Thats essentionally the entire 100% of production traffic to be delivered via unicast p2p logs retrieval process. I really don’t see any ground in your statement of 1% number of unicast communications…
And that process can be done all the times - either constantly in realtime, or at some specific moments (Like after completing some major parts of operations)

File transfers
It is close to the logs use cases above, but more generic. This is exact p2p communication of sensitive information.

"Safety device"
Most of aerospace (and some others) have a concept of a redundant safety device to be used for post mortem analysis after crashes of the main system. It is p2p highly secure communication here on recovering data from this device and we also do not want communication being altered or intercepted.

External Systems integration: cloud, other networks
Connecting to some bridge, cloud, or other external network requires unicast p2p access in general. I’ve provided some specific integration examples above and they can be extrapolated to any external cloud, network, orchestration, etc. system.

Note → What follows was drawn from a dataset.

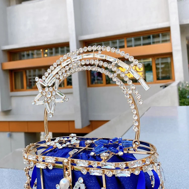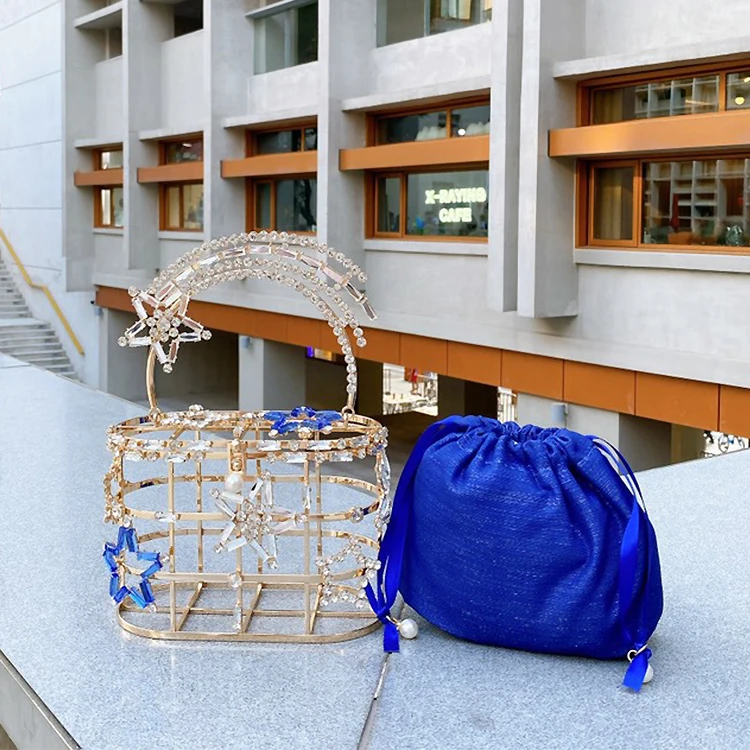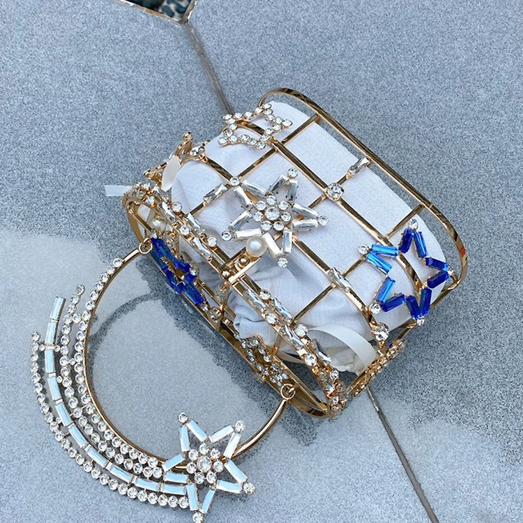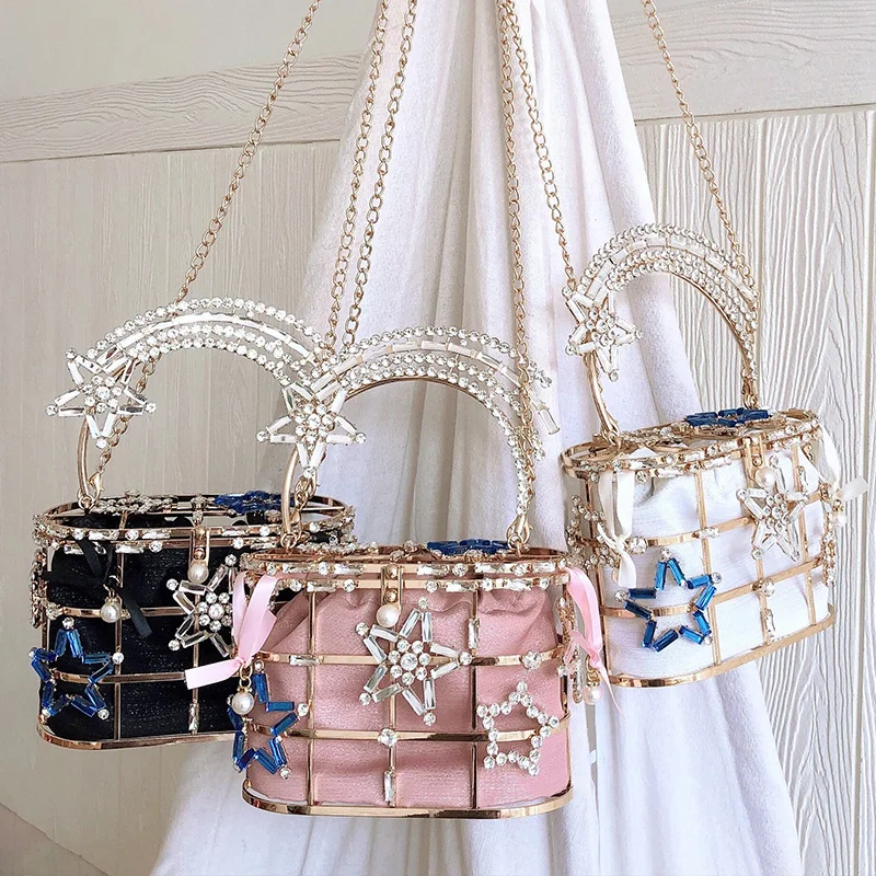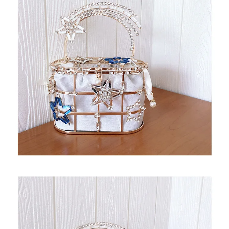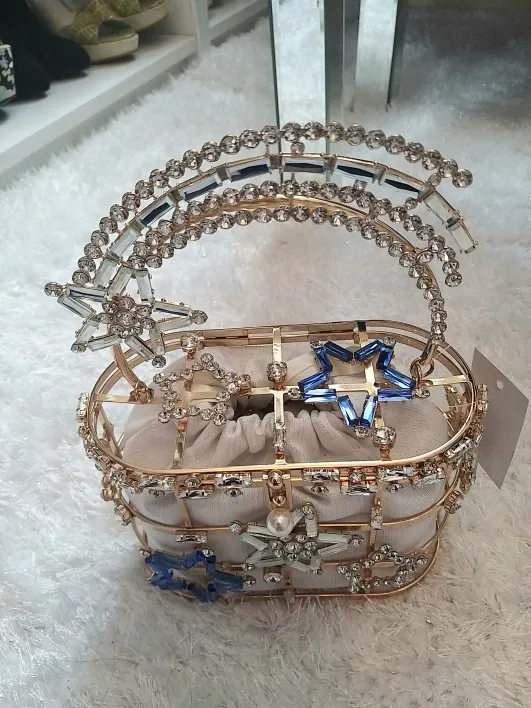 Роскошная металлическая корзина со стразами, женский клатч вечерние, модные кошельки и сумочки, дизайнерская вечерняя сумочка со звездами, дизайнерская сумка на плечо с цепочкой

This is not correct, and I said nothing that could be interpreted as such. The main intent is the improvement of the Cyphal/UDP transport definition. Please actually do read my proposal.

Please read The Cyphal Guide - Applications & Usage - OpenCyphal Forum, where you will find detailed elaboration and references. Pay specific attention to the fact that Cyphal is, in fact, a DCPS solution, and point-to-point communication is not something that is at the focus. If your application requires strictly p2p, Cyphal is not for you and there is nothing more to discuss.

Security and encryption are out of the scope at this stage of the project. This is something that we have on the longer-term roadmap, though. I don’t see how these objectives can be used to argue against the DCPS architecture unless you are willing to claim that all pub/sub architectures are inherently flawed by design.

Do we really need to continue this conversation? It is tiring.

I am fine to continue discussion and to see feedback from various industries and experts, because no real data, proofs, other people feedback, etc. have been provided to support this change apart of a personal opinion so far…

If my asks to provide data, proof, real needs from industries for the proposed MAJOR change in Cyphal is “tiring discussion” - I am very sorry about that. But it is how successful commercial projects work. Successful industrial grade products are not abstract theories nor math exercises, but relevant to the actual customers and their real needs.

I hope Cyphal project is not going to a quite abstract academic research nor personal toy project, though someone could have found a sort of red flags in that direction.
If Cyphal is vulnerable to voluntary major changes without getting a consensus with the industry but rejecting all and any valid concerns and data points, then it looks not an open-source, but more like quite proprietary software with vendor locking on decisions from a single party.

Is there any voting process and ability to bring more people to provide feedback on this request from various industries?
Can you please consider keeping the original specification, especially as this request was proposed to be “minor” originally?

A brokerage service is a non-starter. It violates one of the core design tenets of Cyphal (from Section 1.3 of the specification):

Democratic network — There will be no master node. All nodes in the network will have the same commu-
nication rights; there should be no single point of failure

Multiple ports are a fire-walling nightmare (FTP anyone?). I’m not interested in making it hard to secure a system by using dynamic port assignments.